# Whitetail silhouette in the fog



## Cutter (Jun 23, 2004)

I had a nice opportunity to photograph some whitetails. This was one of my favorites.


----------



## Charles Helm (Oct 22, 2004)

Very nice -- I love the color of the light.


----------



## chicapesca (Jun 7, 2004)

I like it too.


----------



## los is 7 (Aug 12, 2005)

she would look better with an arrow in her... just kidding, nice pic.


----------



## Pod (Dec 11, 2004)

Really cool Cutter!!


----------



## Shed Hunter (Mar 14, 2006)

*Doe*

Very nice cutter. Reminds me of an Autochrome, the first color photo process. 
Your photo is a great capture!


----------



## Dorado-Mahi (May 23, 2004)

Great shot Chris.
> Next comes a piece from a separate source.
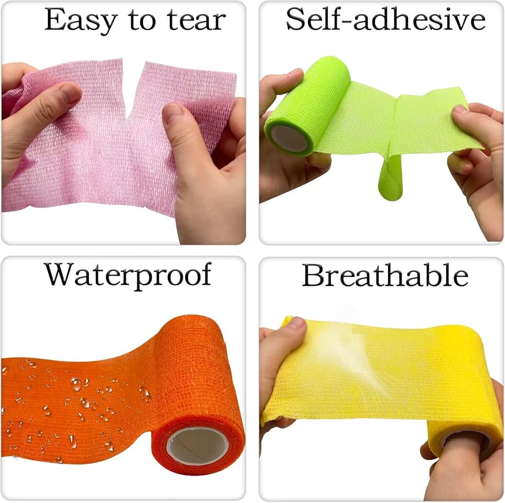 الأشرطة الخاصة بنا لاصقة، مثل الكاحل والمعصم والأصبع، يمكن تمزيق القماش بسهولة باليد، الضمادة مصنوعة من قماش مسامي عالي الجودة ومواد غير منسوجة، ويمكن أن توفر تهوية جيدة، تسمح المادة المرنة المتينة بوضع الضمادات على أي جزء تقريبًا بسرعة وسهولة.

That's a wall hanger for sure.


----------



## TXPalerider (May 21, 2004)

*Cutter you are awesome*

Don't mean to highjack, but, since it was in the same theme....Here's one I took of a couple of bucks. Not near the quality of yours, but, I thought it was pretty cool. Your pic reminded me of it.


----------



## Cutter (Jun 23, 2004)

Hey TXP, when I saw my photo for the first time, it reminded me of yours! I remember you posting those bucks last year, and appreciate you sharing it here again.


----------